I have found out that the congress is working on changing how this provision of the Patriot Act can be applied to better protect organization’s data stored in the cloud.
Prohibits a national security letter (letter) (a request for information sought by the Federal Bureau of Investigation (FBI) in connection with a criminal investigation) from being issued unless the issuing official certifies specific facts providing reason to believe that the information or records sought pertain to a foreign power or agent thereof. It prohibits a letter from being issued in connection with an investigation of a U.S. person solely upon the basis of activities protected by the First Amendment to the Constitution. It prohibits: (1) a letter from containing unreasonable requirements or requiring privileged matter; or (2) disclosing to a person that the FBI has sought or obtained access to information under a letter for 30 days after receipt of the FBI’s request for such information. It authorizes judicial review for the modification or revocation of a letter. Provides limited uses of information acquired through a letter. It allows persons against whom evidence obtained from a letter is to be used to file a motion to suppress. It provides a civil cause of action for the misuse of letters. It requires the authority to issue letters to revert, five years after the enactment of this Act, to that provided by law on October 25, 2001. It requires the Attorney General to: (1) undertake minimization and destruction procedures with respect to information acquired through letters; and (2) report semiannually on the number and use of letters. It requires the disposal of wrongly acquired information. And it revises requirements relating to claims of emergency in connection with certain letters.

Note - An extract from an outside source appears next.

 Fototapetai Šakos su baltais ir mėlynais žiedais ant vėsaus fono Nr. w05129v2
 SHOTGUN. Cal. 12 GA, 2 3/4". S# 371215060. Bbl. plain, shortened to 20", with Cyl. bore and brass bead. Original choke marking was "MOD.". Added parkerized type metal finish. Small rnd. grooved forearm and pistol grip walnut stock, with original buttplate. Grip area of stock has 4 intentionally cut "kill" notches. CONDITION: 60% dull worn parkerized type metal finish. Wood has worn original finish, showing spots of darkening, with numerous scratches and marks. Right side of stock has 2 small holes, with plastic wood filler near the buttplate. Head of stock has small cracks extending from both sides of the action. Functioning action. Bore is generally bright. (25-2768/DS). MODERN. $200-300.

With these new protections (if H.R. 1800 is passed into law eventually) on how the National Security Letters can be used, I believe many of the larger organizations will embrace these new protections and speed up their adoption of cloud storage offerings.
The Cost of Collection:
Medium to large sized organizations are being driven to lower their overall litigation costs by bringing more of the eDiscovery processes in-house. To do this, organizations need to understand and proactively plan for the eDiscovery process. The most cost effective way to quickly lower eDiscovery costs are to prepare for the collection phase by putting in place an ESI archive to capture and manage those ESI silos that are most requested…Email, File System and SharePoint ESI.

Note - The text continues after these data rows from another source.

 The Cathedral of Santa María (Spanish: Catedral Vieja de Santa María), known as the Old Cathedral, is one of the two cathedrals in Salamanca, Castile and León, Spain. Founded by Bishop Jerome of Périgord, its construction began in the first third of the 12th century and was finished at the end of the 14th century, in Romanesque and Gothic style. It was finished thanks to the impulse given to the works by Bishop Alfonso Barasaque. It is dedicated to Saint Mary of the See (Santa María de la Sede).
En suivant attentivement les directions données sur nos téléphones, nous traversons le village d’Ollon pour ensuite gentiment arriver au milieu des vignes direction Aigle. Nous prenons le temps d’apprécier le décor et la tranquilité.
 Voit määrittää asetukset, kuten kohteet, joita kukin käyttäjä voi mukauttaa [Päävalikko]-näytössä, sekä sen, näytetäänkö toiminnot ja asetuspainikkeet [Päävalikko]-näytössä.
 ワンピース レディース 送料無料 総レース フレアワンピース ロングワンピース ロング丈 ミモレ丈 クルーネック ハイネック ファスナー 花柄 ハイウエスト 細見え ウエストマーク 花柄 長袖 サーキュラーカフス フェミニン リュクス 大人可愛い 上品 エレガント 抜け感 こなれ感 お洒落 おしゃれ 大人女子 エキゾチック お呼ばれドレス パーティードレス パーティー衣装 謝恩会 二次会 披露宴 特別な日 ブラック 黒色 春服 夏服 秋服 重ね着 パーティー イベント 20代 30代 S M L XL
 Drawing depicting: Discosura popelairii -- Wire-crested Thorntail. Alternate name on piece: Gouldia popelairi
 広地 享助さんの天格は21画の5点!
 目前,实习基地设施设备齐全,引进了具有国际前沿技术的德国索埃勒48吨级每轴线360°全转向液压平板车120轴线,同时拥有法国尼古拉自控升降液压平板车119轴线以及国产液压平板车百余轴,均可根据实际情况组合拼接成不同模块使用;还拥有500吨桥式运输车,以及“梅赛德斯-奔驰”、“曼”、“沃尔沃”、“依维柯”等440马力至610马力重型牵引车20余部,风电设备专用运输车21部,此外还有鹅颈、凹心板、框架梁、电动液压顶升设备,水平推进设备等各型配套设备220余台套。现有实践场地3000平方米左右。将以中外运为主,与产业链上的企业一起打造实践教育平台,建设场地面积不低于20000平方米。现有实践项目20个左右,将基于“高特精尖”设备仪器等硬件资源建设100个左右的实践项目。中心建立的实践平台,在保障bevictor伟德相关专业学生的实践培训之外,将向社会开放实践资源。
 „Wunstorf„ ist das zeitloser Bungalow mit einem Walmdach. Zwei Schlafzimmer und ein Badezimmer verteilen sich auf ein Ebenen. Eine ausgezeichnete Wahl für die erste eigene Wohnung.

The average cost to acquire all potentially responsive ESI from all corporate infrastructure locations including email servers, file shares, SharePoint systems, as well as from all custodian locations including desktop/laptops, local external storage devices, portable media such as USB thumb drives, CDs and DVDs in a defensible manner is between $1000 and $2000 per custodian discovered.
Realistically, the cost of eDiscovery can be reduced dramatically if your organization understands the eDiscovery process and proactively plans for it. Some areas to look at include:
- The number one way to reduce e-discovery expense (besides not getting sued/investigated) is having less data to collect/review
- Create, follow and enforce an ESI records retention policy to control legacy data including backup retention which should be in sync with the retention ESI retention policies
- Eliminate custodian PSTs. These little bombs are the biggest contributor to the cost of collection and review
- Develop and implement a litigation hold policy and have all custodians review and signoff on it
- For medium to large organizations, the most effective cost and risk reducer, besides reducing the amount of ESI in your organization, is to put a centrally managed ESI archive in place with centrally managed ESI retention policies. If, for example, you have an ESI archive which collects and manages your email data, file system data and your SharePoint data, the most requested ESI data types in discovery, then for those data types, you no longer have to search every custodian’s workstations, removable media, etc. A simple query of the archive will let you find, place legal holds, cull, review and export responsive ESI in a fraction of the time you normally take.